◆ **Exercise prompt**
Exact transcription of the following records is needed, with every picture dropped.

Data items:
+++
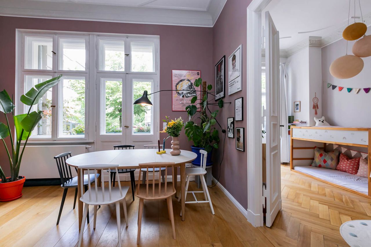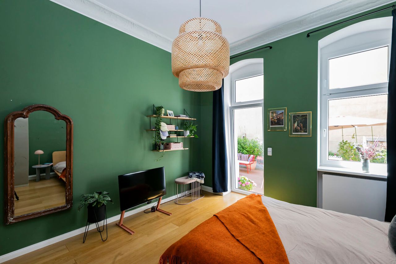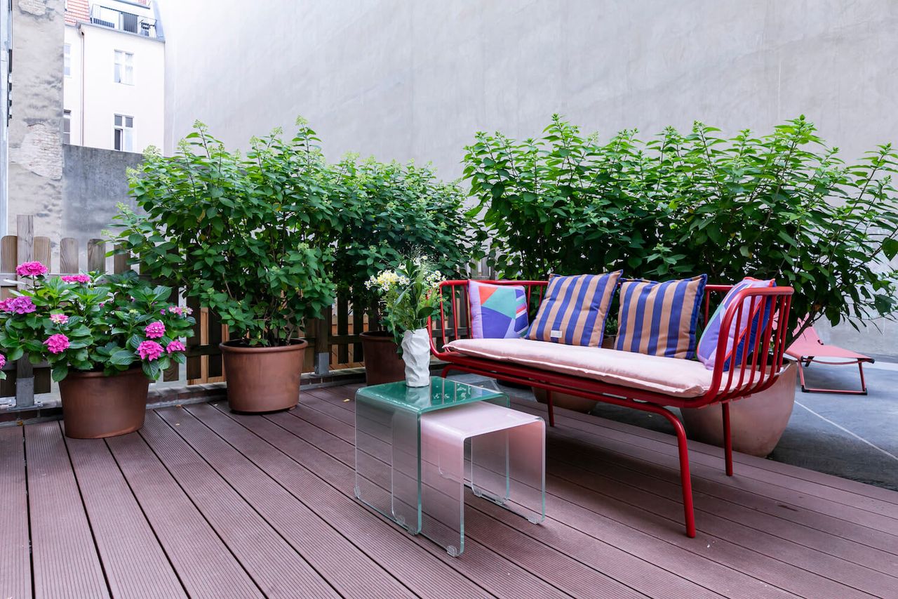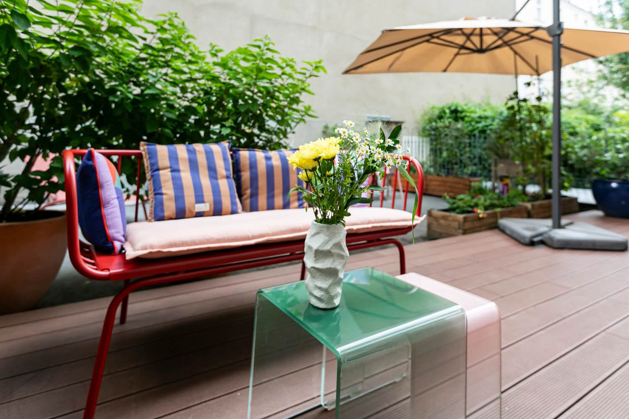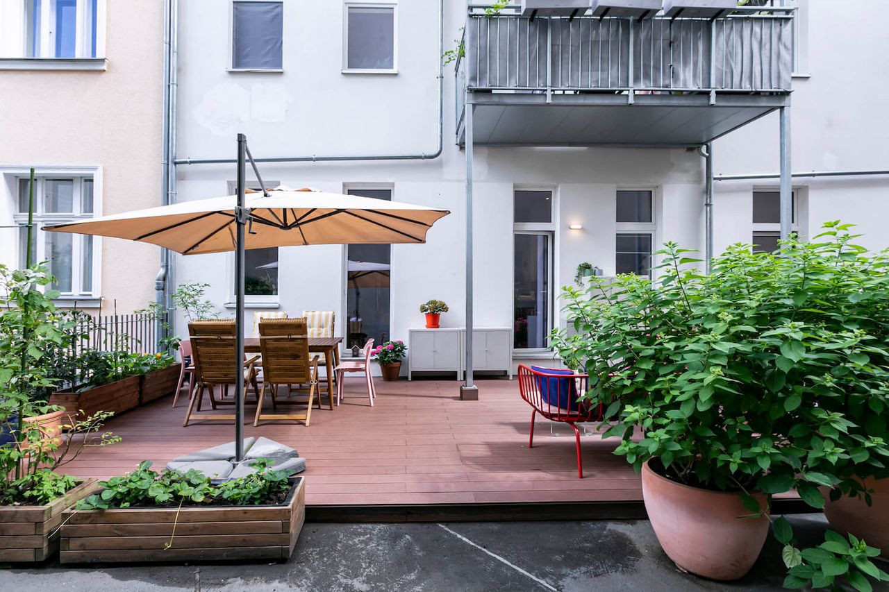 A beautiful old flat in West Berlin which has a prized possession: a spacious terrace. Located on the mezzanine floor of a house built around 1930, it features rich decorations, high ceilings, and beautiful wooden floors. Recently renovated, it has PLENTY of natural light, a large, green terrace with various seating areas, 2 children's rooms, a lavish living/dining area, a spacious bedroom, and a designer kitchen with terrace access. The flat is colourful, furnished with many design classics to a high standard, and is ideal for photo and video productions.
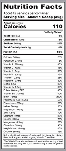 25g Protein from 100% Whey Protein Isolate (per 1 scoop serving)
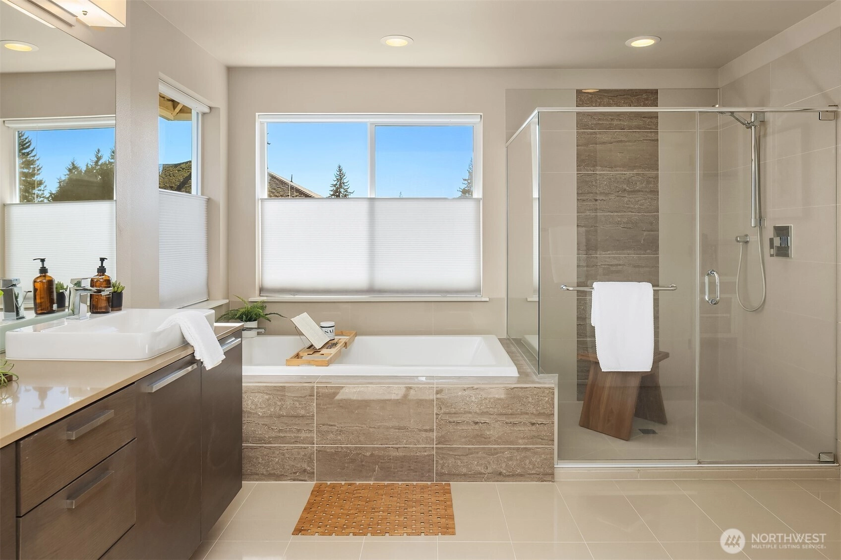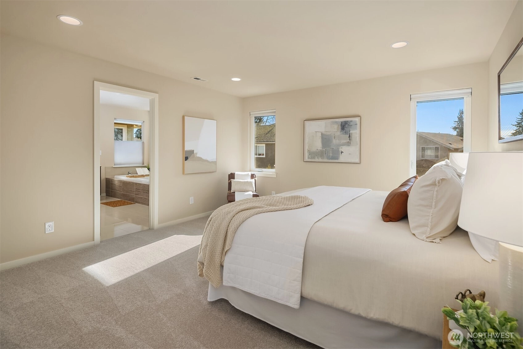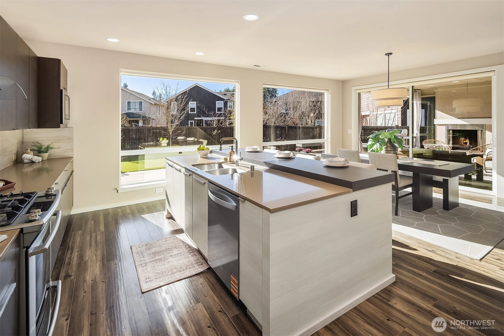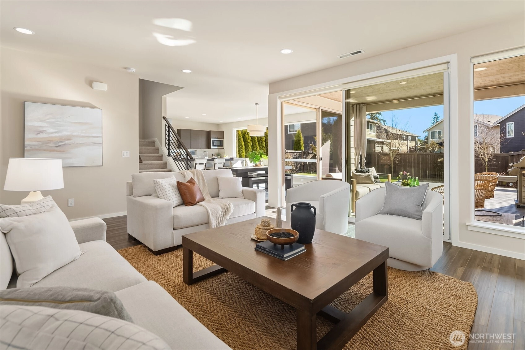 Refined and beautifully maintained, this MainVue resale in the desirable Honey Creek neighborhood offers a thoughtful design and a layout that feels spacious and inviting. The floor plan features 4 bedrooms, loft area, and a dedicated office with brand new carpet and fresh interior paint throughout. Walls of windows bring in abundant natural light and the expansive kitchen flows seamlessly into the main living area—ideal for everyday life and entertaining. Upstairs, the spa-inspired primary suite provides a private retreat with a serene, well-appointed bath designed for relaxation. Additional highlights include air conditioning, large pantry and garage with extra storage. Double sliding doors extend the living area to a covered and expanded deck with an outdoor fireplace, creating effortless indoor-outdoor living. The fully fenced, low-maintenance backyard and patio provide space to gather and unwind year-round. Ideally located with quick access to I-405, The Landing, Bellevue, nearby Gene Coulon Park, as well as shopping and dining. This home blends modern design, comfort, and everyday convenience in one exceptional package.
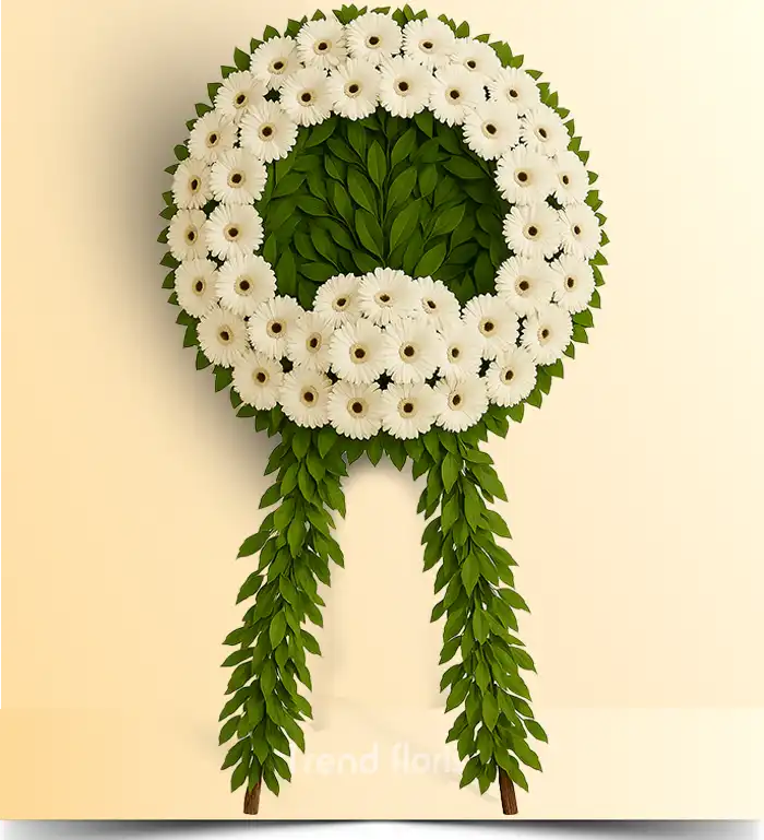 Beyaz Gerbera Cenaze Çelengi – Safiyet ve Huzuru Temsil Eden Klasik Halkalı Tasarım | Trend Florist®
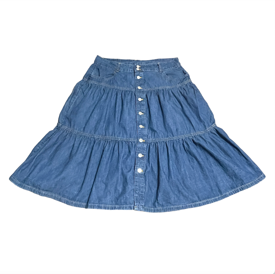 Time & Tru Tiered Peasant Skirt Full Ruffled Midi Button Front Retro Women's 16
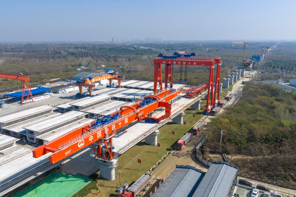 这是合武高铁安徽段站前一标肥西制梁场首榀箱梁架设现场(11月15日,无人机照片)。
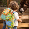 Nuestras mochilas con solapa son ideales para ir al cole. No pesan nada, son muy ligeras y cómodas. Además, nuestro divertido estampado green slow farm hará que ir al cole sea una fantástica aventura por el campo.
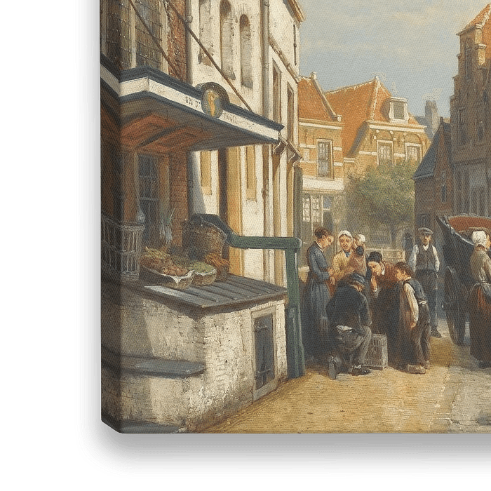 Bestelle Malerei der Wijdstraat in Oudewater im Sommer, Cornelis Springer als Reproduktion auf Leinwand, Alu-Dibond, als Poster, Fototapete oder Acrylglasbild.
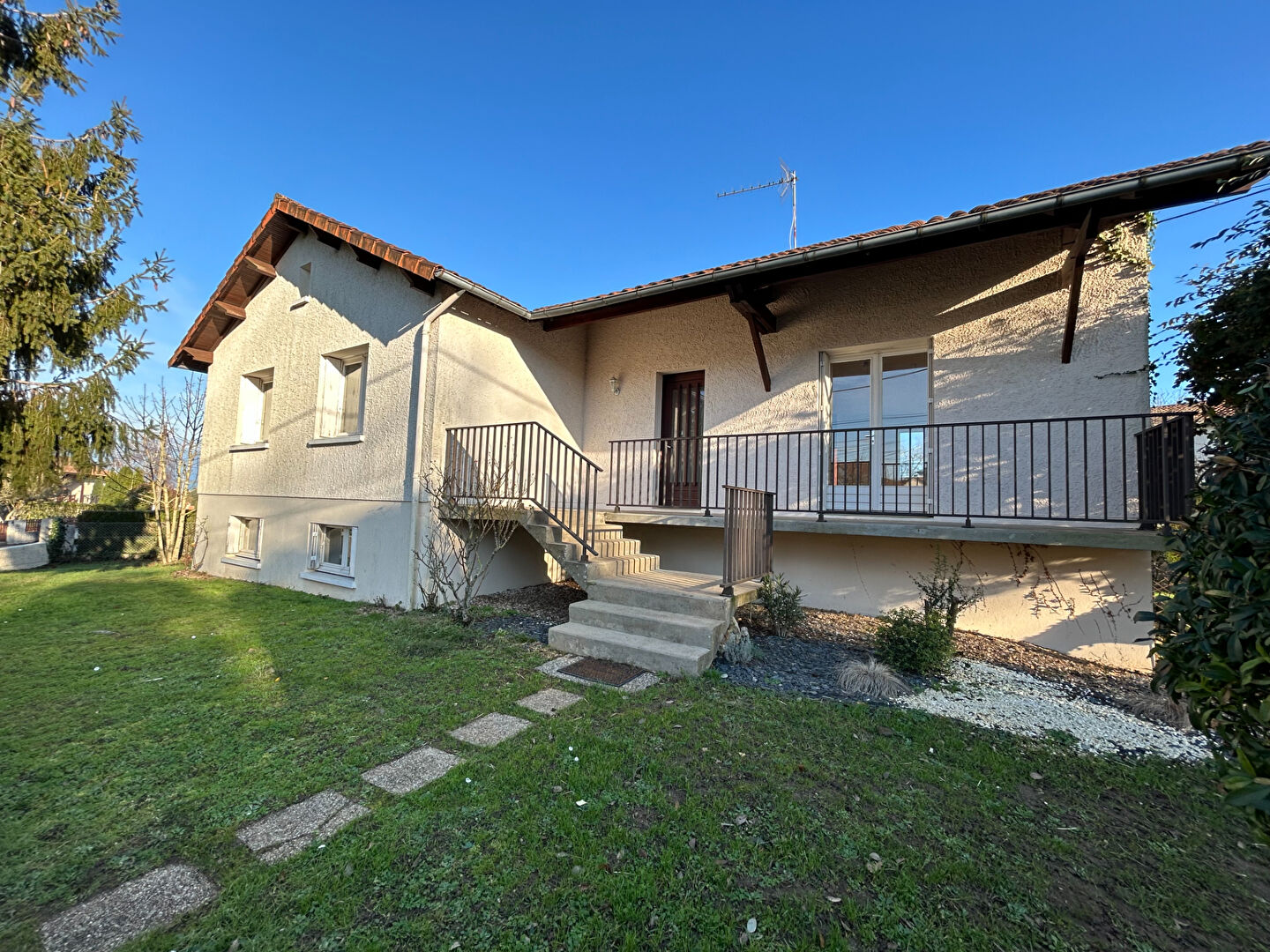 Garage et chaufferie. Terrasse, balcon et jardin de 628 m². Chauffage fuel.
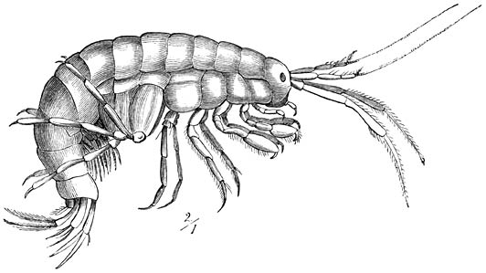 Een afzonderlijke onderorde vormen de zeer zonderling gebouwde Spookkreeftjes, die Keelpootigen (Laemadipoda) worden genoemd, omdat door vergroeiing van den kop niet slechts met den eersten maar ook met den tweeden borstring, het eerste paar ware pooten schijnbaar aan den kop is gehecht. Het achterlijf is bij hen zeer weinig of niet ontwikkeld en bezit geen of slechts rudimentaire ledematen. De talrijke, meestal niet meer dan 15 mM. lange Caprella’s, waarvan eenige ook aan onze kust gevonden zijn, leven op ondiepe plaatsen op zeeplanten. Hare werkzaamheden leveren een aardig schouwspel op. Zij zijn de beste acrobaten van hare klasse; behendig als Apen en met vele buitelingen en lichaamsverdraaiingen bewegen zij zich langs en tusschen de takken van de onderzeesche miniatuurwouden. Door haar voortdurende bedrijvigheid steken zij gunstig af bij de verwante Walvischluizen (Cyamus), welker eivormig, van boven naar onderen samengedrukt lichaam een klein, smal kopgedeelte heeft. Aan de huid van de Dolfijnen en andere Walvischachtigen, waarop zij parasieteeren, zijn zij met hare krachtige klauwen vastgehecht.
+++
◆ **Answer for the task**
 A beautiful old flat in West Berlin which has a prized possession: a spacious terrace. Located on the mezzanine floor of a house built around 1930, it features rich decorations, high ceilings, and beautiful wooden floors. Recently renovated, it has PLENTY of natural light, a large, green terrace with various seating areas, 2 children's rooms, a lavish living/dining area, a spacious bedroom, and a designer kitchen with terrace access. The flat is colourful, furnished with many design classics to a high standard, and is ideal for photo and video productions.
 25g Protein from 100% Whey Protein Isolate (per 1 scoop serving)
 Refined and beautifully maintained, this MainVue resale in the desirable Honey Creek neighborhood offers a thoughtful design and a layout that feels spacious and inviting. The floor plan features 4 bedrooms, loft area, and a dedicated office with brand new carpet and fresh interior paint throughout. Walls of windows bring in abundant natural light and the expansive kitchen flows seamlessly into the main living area—ideal for everyday life and entertaining. Upstairs, the spa-inspired primary suite provides a private retreat with a serene, well-appointed bath designed for relaxation. Additional highlights include air conditioning, large pantry and garage with extra storage. Double sliding doors extend the living area to a covered and expanded deck with an outdoor fireplace, creating effortless indoor-outdoor living. The fully fenced, low-maintenance backyard and patio provide space to gather and unwind year-round. Ideally located with quick access to I-405, The Landing, Bellevue, nearby Gene Coulon Park, as well as shopping and dining. This home blends modern design, comfort, and everyday convenience in one exceptional package.
 Beyaz Gerbera Cenaze Çelengi – Safiyet ve Huzuru Temsil Eden Klasik Halkalı Tasarım | Trend Florist®
 Time & Tru Tiered Peasant Skirt Full Ruffled Midi Button Front Retro Women's 16
 这是合武高铁安徽段站前一标肥西制梁场首榀箱梁架设现场(11月15日,无人机照片)。
 Nuestras mochilas con solapa son ideales para ir al cole. No pesan nada, son muy ligeras y cómodas. Además, nuestro divertido estampado green slow farm hará que ir al cole sea una fantástica aventura por el campo.
 Bestelle Malerei der Wijdstraat in Oudewater im Sommer, Cornelis Springer als Reproduktion auf Leinwand, Alu-Dibond, als Poster, Fototapete oder Acrylglasbild.
 Garage et chaufferie. Terrasse, balcon et jardin de 628 m². Chauffage fuel.
 Een afzonderlijke onderorde vormen de zeer zonderling gebouwde Spookkreeftjes, die Keelpootigen (Laemadipoda) worden genoemd, omdat door vergroeiing van den kop niet slechts met den eersten maar ook met den tweeden borstring, het eerste paar ware pooten schijnbaar aan den kop is gehecht. Het achterlijf is bij hen zeer weinig of niet ontwikkeld en bezit geen of slechts rudimentaire ledematen. De talrijke, meestal niet meer dan 15 mM. lange Caprella’s, waarvan eenige ook aan onze kust gevonden zijn, leven op ondiepe plaatsen op zeeplanten. Hare werkzaamheden leveren een aardig schouwspel op. Zij zijn de beste acrobaten van hare klasse; behendig als Apen en met vele buitelingen en lichaamsverdraaiingen bewegen zij zich langs en tusschen de takken van de onderzeesche miniatuurwouden. Door haar voortdurende bedrijvigheid steken zij gunstig af bij de verwante Walvischluizen (Cyamus), welker eivormig, van boven naar onderen samengedrukt lichaam een klein, smal kopgedeelte heeft. Aan de huid van de Dolfijnen en andere Walvischachtigen, waarop zij parasieteeren, zijn zij met hare krachtige klauwen vastgehecht.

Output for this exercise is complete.